No matter, it's worth the cringe factor as Kenya is, in many ways, the heart and soul of "Run." Set over the course of 24 hours in Cambridge and Boston, the novel, out this week from HarperCollins, tells the story of Bernard Doyle, a white widower and former mayor of Boston and his two adopted black sons, Teddy and Tip, whom he desperately wants to follow in his political footsteps. However, they seem more drawn to religion and ichthyology (the science of fish), respectively. Mid-argument one evening, after a Jesse Jackson lecture at Harvard, Kenya's mother, Tennessee, pushes Tip out of the way of an oncoming car, and ends up in the hospital herself. Doyle and his sons take Kenya under their wings, opening a Pandora's box of family history that reconfigures their lives.

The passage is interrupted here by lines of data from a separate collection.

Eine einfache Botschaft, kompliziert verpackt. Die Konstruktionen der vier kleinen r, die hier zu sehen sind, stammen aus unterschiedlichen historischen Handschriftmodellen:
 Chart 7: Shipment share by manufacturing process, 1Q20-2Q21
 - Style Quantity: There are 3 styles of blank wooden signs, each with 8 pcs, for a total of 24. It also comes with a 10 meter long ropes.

Patchett first had the idea for the book while working on her 2001 prize-winning "Bel Canto" and did extensive research, reading political biographies, speeches and visiting Harvard's Museum of Comparative Zoology, where many of Tip's scenes are set. In particular, Joe Kennedy, patriarch of the Kennedy clan, proved an influence in crafting Doyle.

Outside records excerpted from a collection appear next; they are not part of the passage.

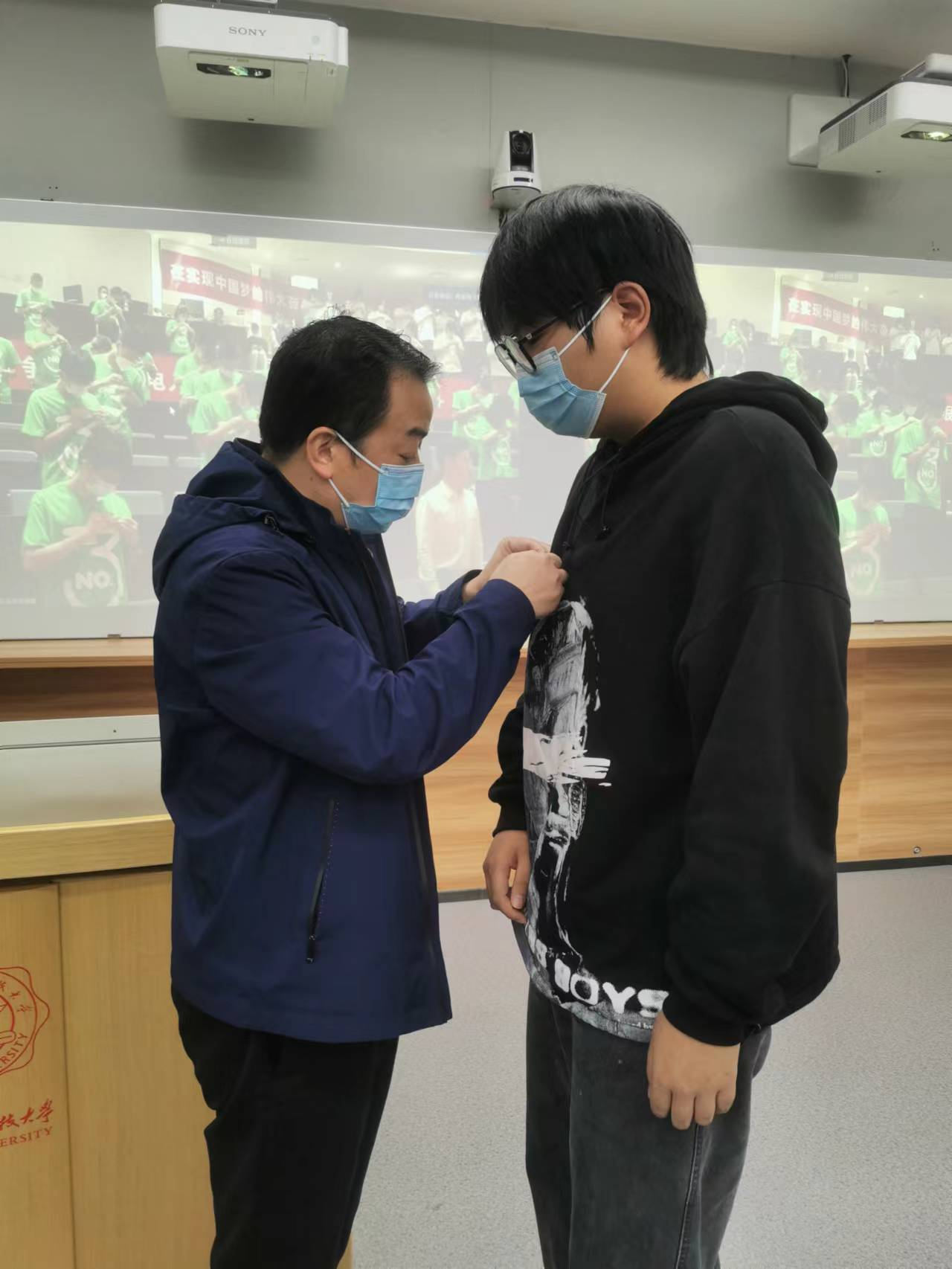 在典礼开始之前,学院研究生会的同学对活动现场进行了布置,制作了各式各样的欢迎KT板,和新生一起营造了温馨的现场氛围。
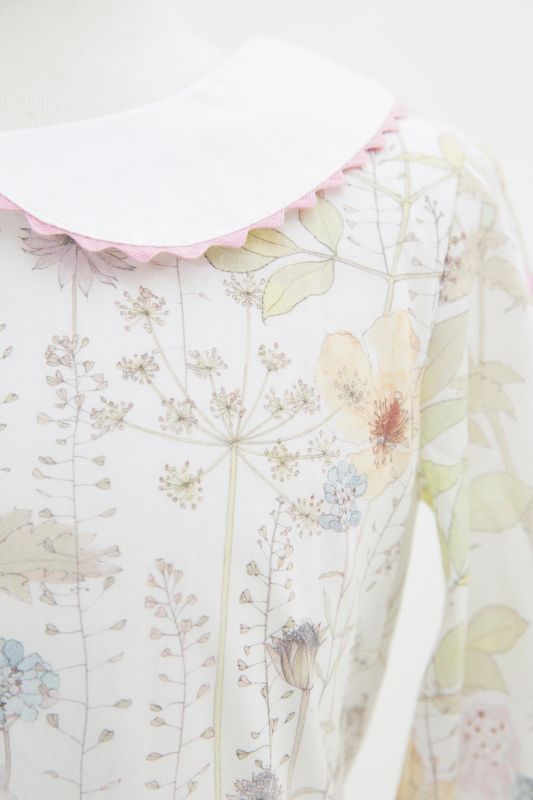 ピーターパンカラーにリバティプリントに合わせたお色のパイピングテープをつけております。
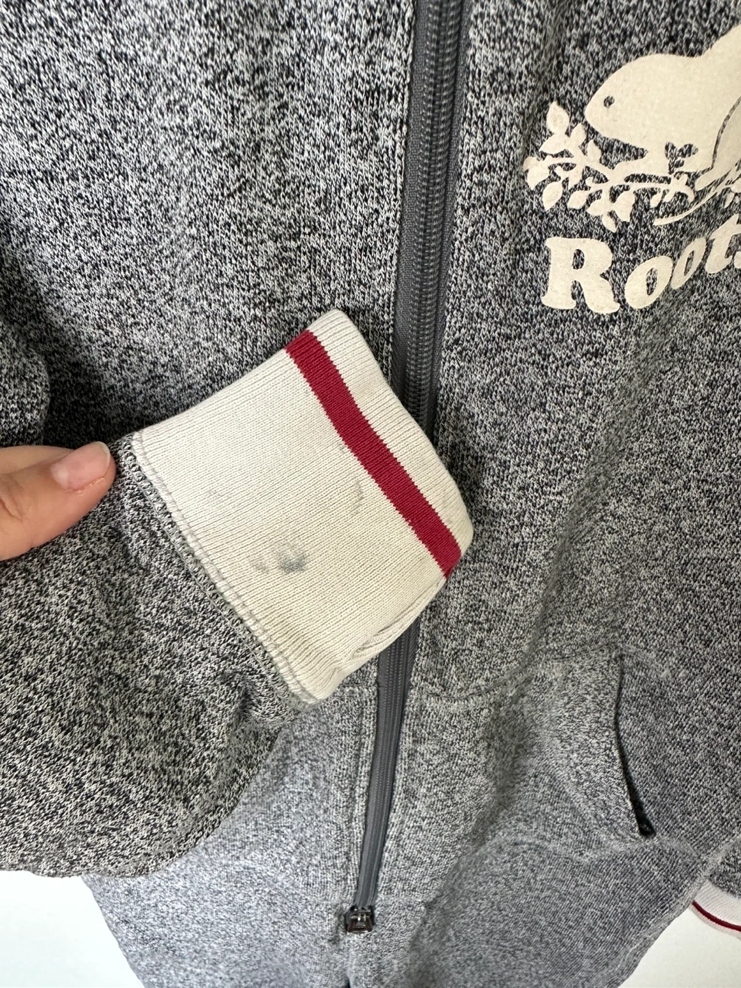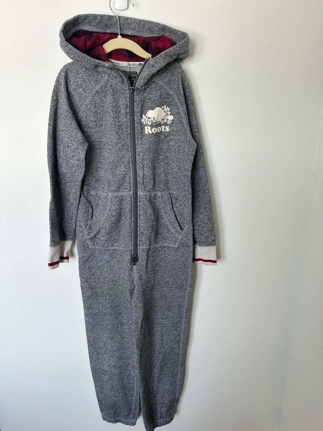 Roots Kids one-piece pajamas in grey. It's a size S/P, suitable for 5-6 years or 130/68. Features the iconic Roots logo on the chest. Cozy for lounging! Small untreated mark on cuff

"Not in his personality, but in the idea of trying to raise a son to be president. I mean, he had all of these sons and he just kept pitching them out like baseballs: The first one's killed in the war, OK, let's bring up the second one; he's killed, let's bring up the third one," says Patchett. "That is just an incredible American story and a story of enormous sacrifice: being able to sacrifice your children for a greater good of mankind."